Directions for this task:
Print the listing below exactly, minus its pictures.
[Dataset excerpt — start]
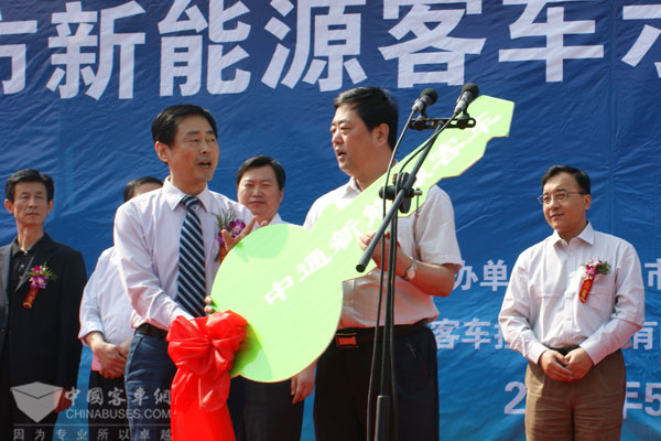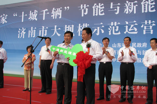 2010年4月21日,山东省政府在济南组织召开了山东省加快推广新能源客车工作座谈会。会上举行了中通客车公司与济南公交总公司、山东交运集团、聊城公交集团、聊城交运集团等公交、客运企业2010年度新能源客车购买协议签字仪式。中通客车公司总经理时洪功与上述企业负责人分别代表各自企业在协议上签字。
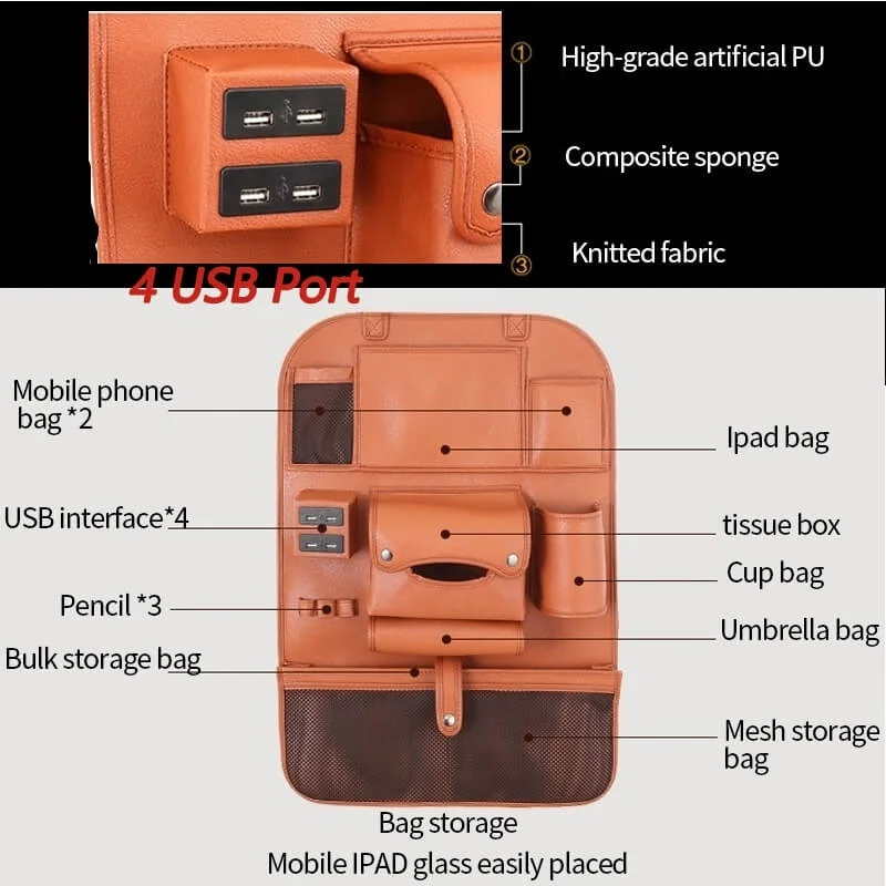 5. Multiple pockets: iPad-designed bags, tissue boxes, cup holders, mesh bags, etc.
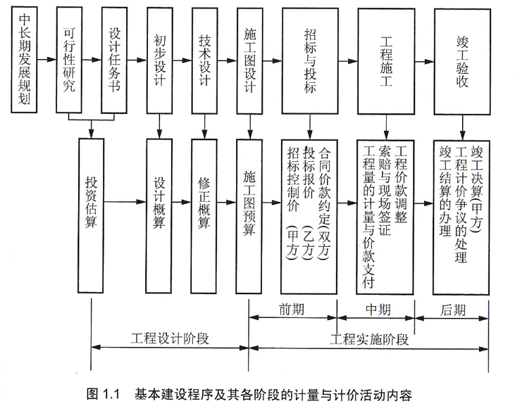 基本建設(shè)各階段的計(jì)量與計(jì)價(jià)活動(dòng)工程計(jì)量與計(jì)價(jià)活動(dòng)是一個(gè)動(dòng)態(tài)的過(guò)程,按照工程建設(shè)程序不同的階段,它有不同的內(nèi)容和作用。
[Dataset excerpt — finish]
Task result:
 2010年4月21日,山东省政府在济南组织召开了山东省加快推广新能源客车工作座谈会。会上举行了中通客车公司与济南公交总公司、山东交运集团、聊城公交集团、聊城交运集团等公交、客运企业2010年度新能源客车购买协议签字仪式。中通客车公司总经理时洪功与上述企业负责人分别代表各自企业在协议上签字。
 5. Multiple pockets: iPad-designed bags, tissue boxes, cup holders, mesh bags, etc.
 基本建設(shè)各階段的計(jì)量與計(jì)價(jià)活動(dòng)工程計(jì)量與計(jì)價(jià)活動(dòng)是一個(gè)動(dòng)態(tài)的過(guò)程,按照工程建設(shè)程序不同的階段,它有不同的內(nèi)容和作用。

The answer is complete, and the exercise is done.